Noncooperative Coordination for Decentralized Air Traffic Management

TL;DR

This paper presents a novel noncooperative framework for decentralized air traffic management, focusing on incentive design and equilibrium engineering to enable scalable, robust coordination among self-interested stakeholders.

Contribution

It introduces a unified noncooperative approach with scalable equilibrium methods, decentralized mechanism design, and convergence guarantees for safety-critical air traffic systems.

Findings

Developed reduced-rank correlated equilibria for scalability

Designed incentive-compatible decentralized mechanisms

Proved convergence of structured noncooperative dynamics

Abstract

Decentralized air traffic management requires coordination among self-interested stakeholders operating under shared safety and capacity constraints, where conventional centralized or implicitly cooperative models do not adequately capture this setting. We develop a unified perspective on noncooperative coordination, in which system-level outcomes emerge by designing incentives and assigning signals that reshape individual optimality rather than imposing cooperation or enforcement.
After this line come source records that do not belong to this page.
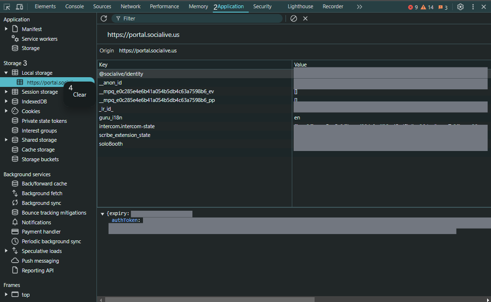 - Right-click on the option that reads "https://portal.socialive.us" and select Clear to delete it.
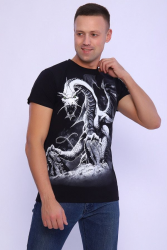 Футболка мужская с оригинальным принтом - дракон символ 2024 года, из качественной кулирки с лайкрой пенье. Базовая футболка с круглой горловиной, коротким втачным рукавом необходимая вещь в мужском гардеробе. Стильный принт, отличный подарок на новый год, футболка для настоящих мужчин.
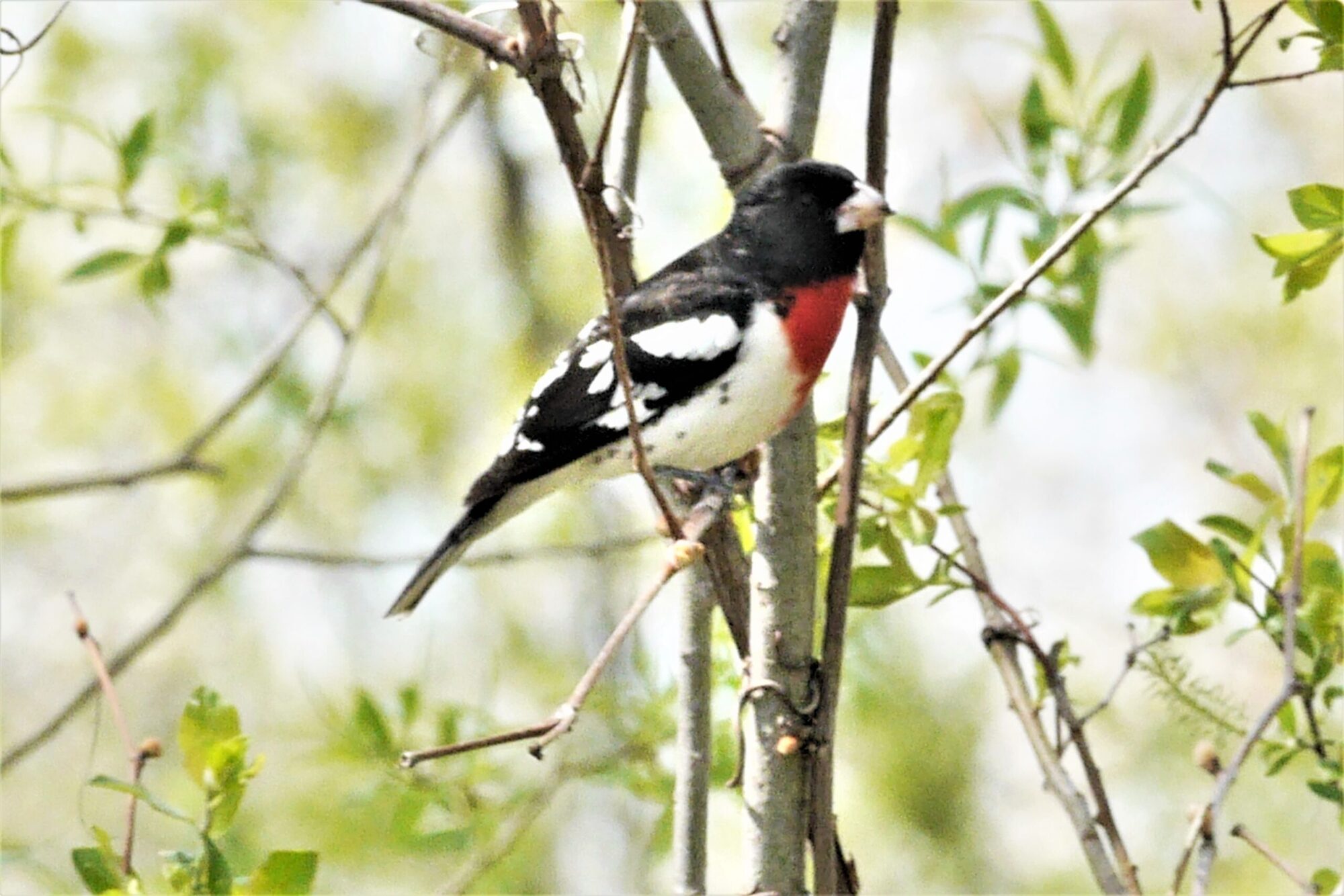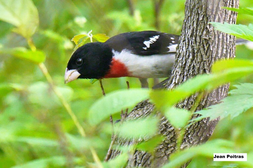 Cardinal à poitrine rose mâle (Rose-breasted Grosbeak)  (Pheuticus ludovicanus) – photo: J. Poitras
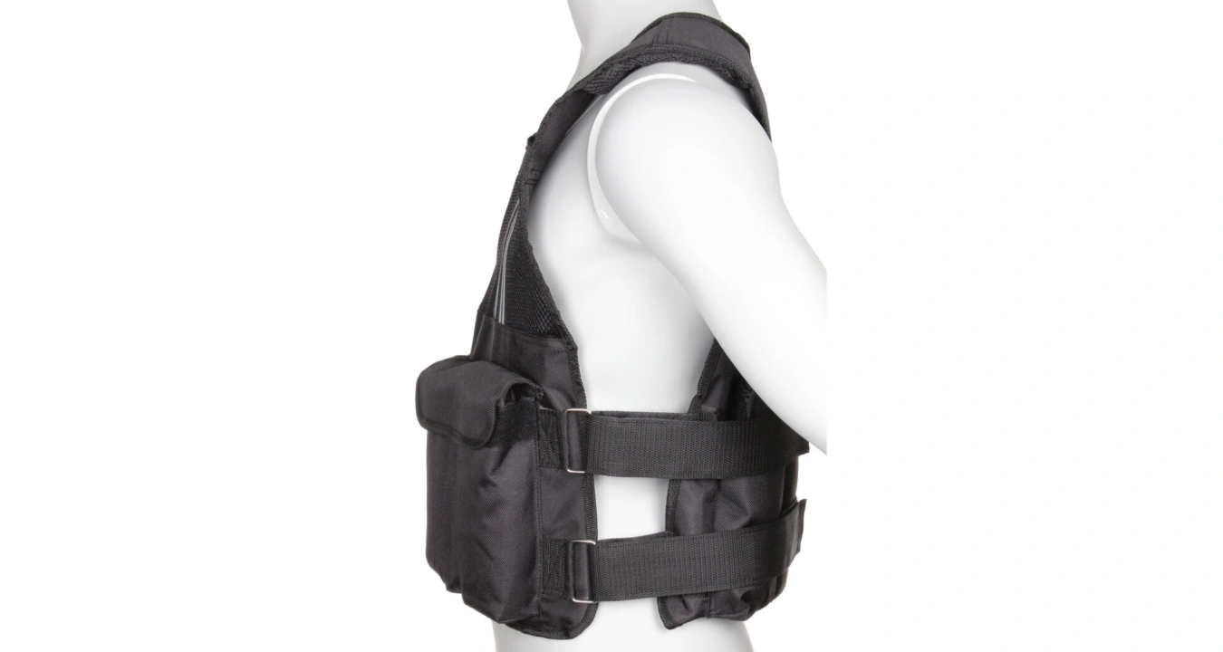 Prémiová fitness vesta z odolného materiálu, s hmotností 10 kg nebo 20 kg a jednoduchým upínacím systémem.
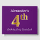 This guest book design features the ordinal number "4th" with a faux gold-like appearance. It also features a personalised name, and a purple coloured background. It could be used at a party for somebody celebrating their fourth birthday. [~Z0000057]
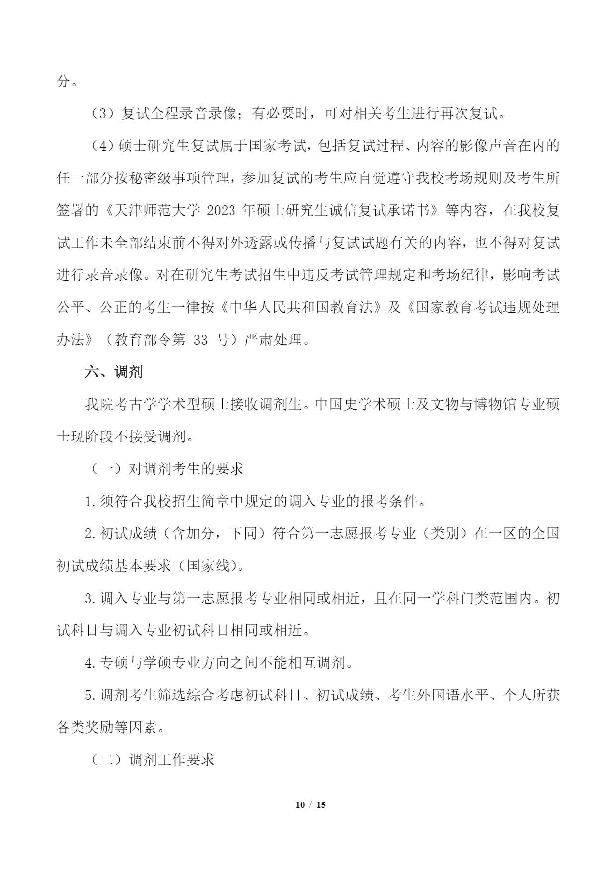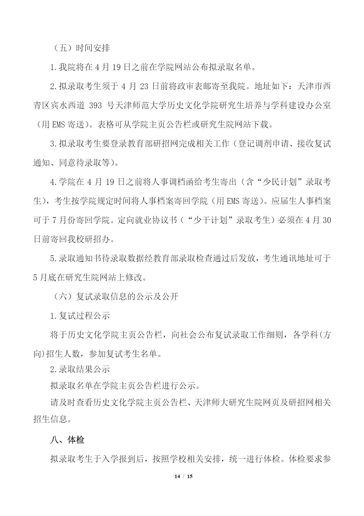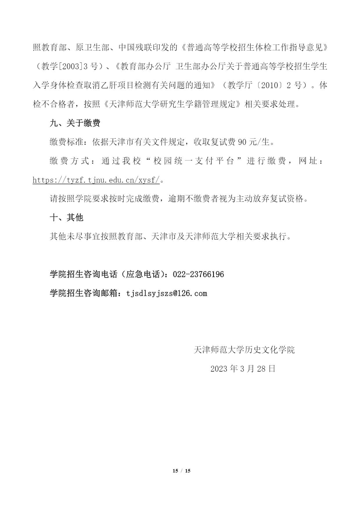 天津师范大学历史文化学院2023年硕士研究生考研复试、录取工作细则
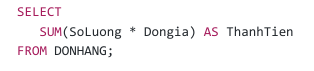 | a) Để tính thành tiền cho một hóa đơn của một khách hàng khi biết số lượng và đơn giá cần truy xuất các bảng DONHANG và KHACHHANG. | ||

We advance this framework along three directions: scalable equilibrium engineering via reduced-rank and uncertainty-aware correlated equilibria, decentralized mechanism design for equilibrium selection without enforcement, and structured noncooperative dynamics with convergence guarantees. Beyond these technical contributions, we discuss core design principles that govern incentive-compatible coordination in decentralized systems. Together, these results establish a foundation for scalable, robust coordination in safety-critical air traffic systems.